Love(d) It!
From my two years of “making money” with Scala, I went from loving an every bit of it to disliking majority of it. Not all of it though, since I still feel that “guilty pleasure” when I get to do Scala: it is a more concise Java, all the stream APIs built in, e.g. map/filter/groupBy/reduce/.. (Java 8 calls them Streams), pattern matching, nice way to construct things, “suggested” immutability, etc..
AKKA and Visual Basic
I am lucky I learned to be dangerous in Erlang before I picked up Scala. Hence as I was going deeper and deeper into AKKA, I could not help but notice how AKKA is missing the point of Erlang simplicity. It was 1.2, and of course 2.X fixed a lot of it, but again, it still has this feeling of leaking “unnecessary cleverness”.
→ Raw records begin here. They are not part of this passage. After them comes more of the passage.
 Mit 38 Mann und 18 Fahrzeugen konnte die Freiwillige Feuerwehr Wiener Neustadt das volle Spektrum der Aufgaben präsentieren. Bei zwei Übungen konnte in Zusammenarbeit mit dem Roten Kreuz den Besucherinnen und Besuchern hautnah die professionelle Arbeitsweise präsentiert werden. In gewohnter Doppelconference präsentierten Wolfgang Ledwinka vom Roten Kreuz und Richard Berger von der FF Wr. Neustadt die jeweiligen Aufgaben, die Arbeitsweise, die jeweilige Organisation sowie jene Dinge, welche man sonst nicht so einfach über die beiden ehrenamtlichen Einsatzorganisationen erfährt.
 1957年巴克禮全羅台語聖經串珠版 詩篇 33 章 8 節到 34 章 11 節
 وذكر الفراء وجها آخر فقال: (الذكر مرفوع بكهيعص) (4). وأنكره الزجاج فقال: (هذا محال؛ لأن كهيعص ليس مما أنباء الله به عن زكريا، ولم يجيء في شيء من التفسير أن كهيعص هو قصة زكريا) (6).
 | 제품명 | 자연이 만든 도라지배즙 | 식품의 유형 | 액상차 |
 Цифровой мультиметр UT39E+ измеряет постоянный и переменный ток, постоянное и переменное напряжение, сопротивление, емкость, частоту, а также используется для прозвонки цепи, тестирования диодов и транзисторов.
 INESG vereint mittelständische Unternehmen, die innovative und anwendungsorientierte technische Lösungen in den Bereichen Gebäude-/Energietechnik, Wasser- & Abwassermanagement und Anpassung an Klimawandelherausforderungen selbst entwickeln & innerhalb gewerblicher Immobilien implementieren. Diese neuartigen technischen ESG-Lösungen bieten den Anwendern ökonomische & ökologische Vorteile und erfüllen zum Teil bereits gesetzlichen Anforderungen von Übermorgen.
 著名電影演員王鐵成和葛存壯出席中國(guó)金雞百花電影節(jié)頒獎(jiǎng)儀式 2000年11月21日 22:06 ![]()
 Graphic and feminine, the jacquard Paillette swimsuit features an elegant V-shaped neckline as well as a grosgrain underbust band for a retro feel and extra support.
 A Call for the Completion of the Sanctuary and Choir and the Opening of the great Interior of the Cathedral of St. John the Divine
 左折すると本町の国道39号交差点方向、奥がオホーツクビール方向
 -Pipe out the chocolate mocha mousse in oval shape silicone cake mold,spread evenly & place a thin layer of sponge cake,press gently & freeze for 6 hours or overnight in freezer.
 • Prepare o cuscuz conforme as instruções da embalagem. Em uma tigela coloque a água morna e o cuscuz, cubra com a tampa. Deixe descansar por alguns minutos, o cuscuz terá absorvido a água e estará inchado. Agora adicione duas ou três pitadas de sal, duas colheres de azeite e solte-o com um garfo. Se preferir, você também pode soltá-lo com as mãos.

And of course Erlang process isolation is what makes it the platform for distributed systems, where AKKA’s biggest limitation is, well.. JVM really. It had become apparent to me that, while I still liked Scala, whenever I need to create/work with distributed systems, Erlang is a lot simpler and does a much better job. With enough time put into Visual Basic, it can also “embrace” OTP, but .. why?
Ain’t Exactly Hammock Driven
Doing Scala I constantly lived in the world of the category theory. Not that it is necessary to know it to write decent Scala code, but anywhere you go, everybody “talks” it. It was ok, but felt somewhat like an unnecessary mental overload. Not the category theory itself (it was very nice), but the burden of constantly staying on your monad toes.
It’s About Time: Scala State Succeeded by Clojure
Finally, learning and appreciating Clojure, made it quite obvious that Scala is just.. overcooked. At that point it seemed to be an ML’s ugly step sister. Something that I could do in 10 lines of Clojure, I could also do in 15 lines of Scala (more often than not), but what an ugly, and not at all intuitive, 15 lines that was in comparison.
Clojure also taught me that it is a lot easier to reason about time when the whole codebase is just a series of state successions: (f””’… (f” (f’ (f 42)))), which makes a “time increment” be just a single increment from (f) to (f’). This, by the way, is also the reason why the resulting codebase in Clojure is tiny compared to Scala. Not because it is dynamically typed, but because Clojure is opinionated as a language (immutability, composition, state succession, …), and Scala is opinionated as a community, while the language lags behind.
It is Not Because Of Type
Typed Clojure is great and makes Clojure optionally typed.
Interesting thing though.. I have had problems with “would have better checked it at compile time” in Groovy, but rarely, if ever, in Clojure.
I suspect the reason behind this is immutability and just plain simple seq API (a.k.a. collections): [], (), {}, #{}, where everything has pretty much the same semantics.
Scala however, is a soup of mutable and immutable collections, with another soup of functions (which are explicitly objects => may also carry state) and “stateful” classes. Hence when you program in Scala, it is imperative to have a strong type system, otherwise there is no way to know whether A is contravariant to B and covariant to C and the method M can take it. In Clojure it is mostly a function that takes a seq or a map => not much to sweat about.
Where Ingenuity Lies
Simplicity and elegancy take a lot of work and dedication. It is a lot easier to write yet another ML, but make it several times more complex. It is hard however to absorb and channel all that complexity through a very simple set of APIs with minimal syntax, as Rich did with Clojure.